The changes “will be implemented for all people accessing Facebook and Instagram in Canada over the course of the next few weeks,” with news outlets identified “based on legislative definitions and guidance from the Online News Act.”


Well…they’ve actually gone and done it. Yesterday, Meta announced that it “has begun the process of ending news availability in Canada,” and that the changes “will be implemented for all people accessing Facebook and Instagram in Canada over the course of the next few weeks. We are identifying news outlets based on legislative definitions and guidance from the Online News Act.”

Here, Laura Hazard Owen looks at what those eligible news businesses actually are according to the legislation, and some of the problems. “The end result could be Meta removing access to almost all legitimate news organizations, but leaving up links to news stories from disreputable outlets, or blogs and other one-person operations,” she notes.

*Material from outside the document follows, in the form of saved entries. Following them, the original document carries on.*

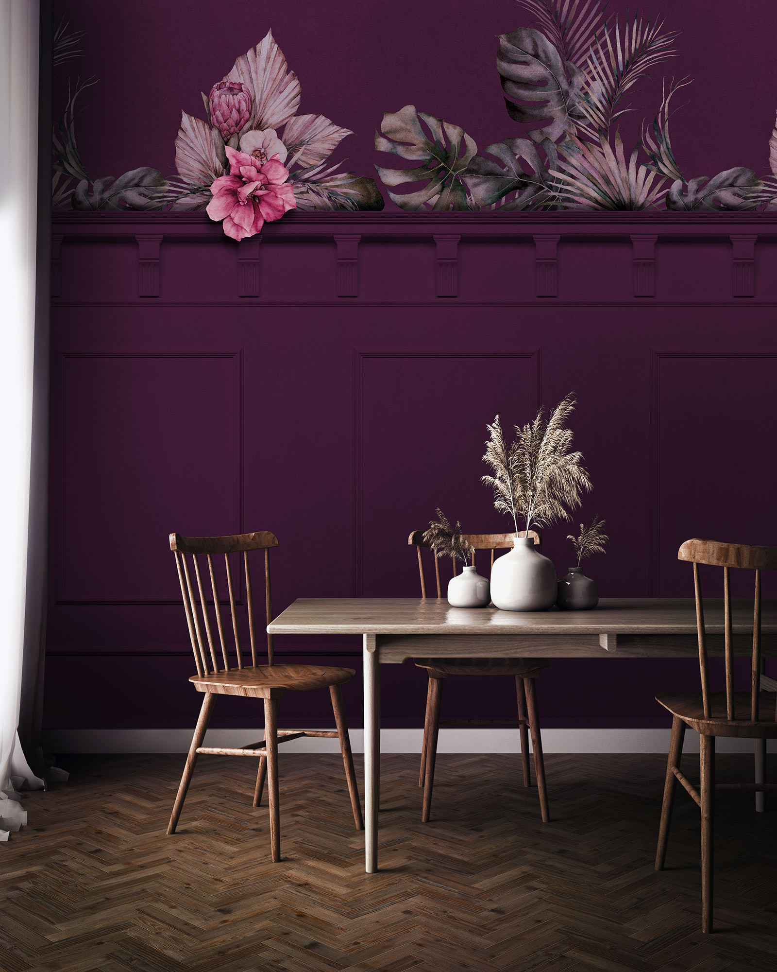 The floral elements protrude from the stucco and lend the room a picturesque and romantic atmosphere. The fascinating design is an eye-catcher in any room and creates an elegant ambience.
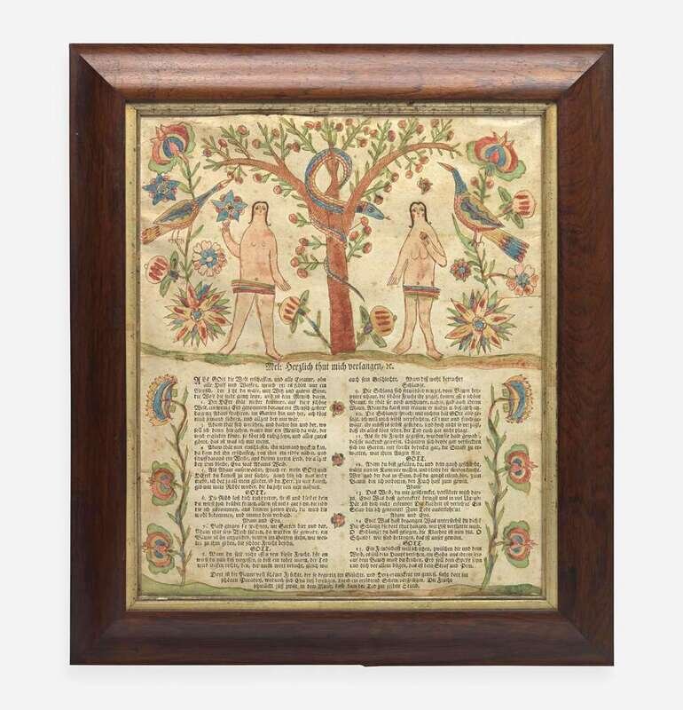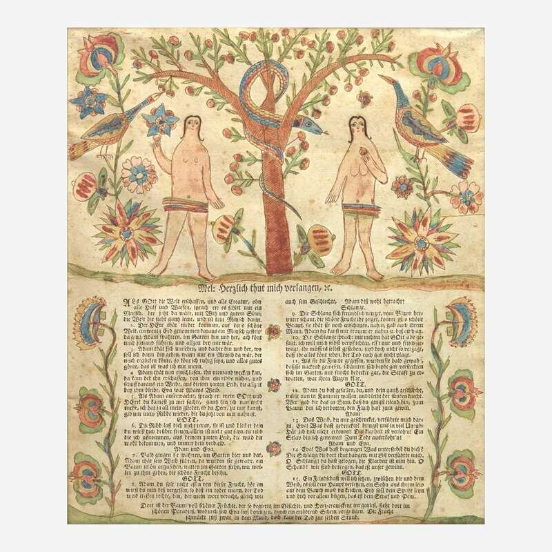 An Adam and Eve hand-decorated letterpress broadside decorated by Georg Friedrich Speyer (active 1774-1801), circa 1790
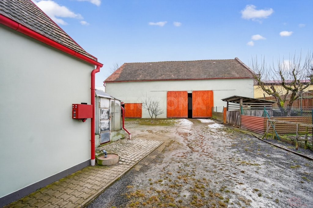 Hospodářská část: Velká stodola v dobrém stavu a manipulační plocha s vlastním vjezdem z ulice pro nákladní vozidla ? ideální pro podnikatele (sklad, autodílna, zemědělství).
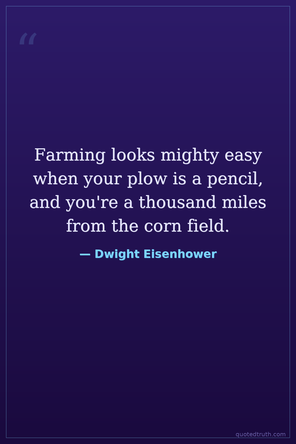 Farming looks mighty easy when your plow is a pencil, and you're a thousand miles from the corn field.

It’s likely Google will follow suit, leaving the ball firmly back in Canada’s court. Their decisions now will likely have a huge impact on news publishers, minimal impact on the tech giants, and will shape how other countries proceed with their own versions of the legislation. Let the games begin.


Media startups cross $1M mark

Payload, Charter and The Ankler have each crossed the $1 million revenue mark.

From Hollywood gossip to space updates, a new breed of start-ups are proving there truly are riches in niches (Brits can cringe with me at the necessary mispronunciation to make that work but ANYWAY). Axios rounds up the details of Payload, Charter and The Ankler’s $1 million milestones, and notes each of them are leaning into newsletters, sponsored events and professional services to super-serve their readers.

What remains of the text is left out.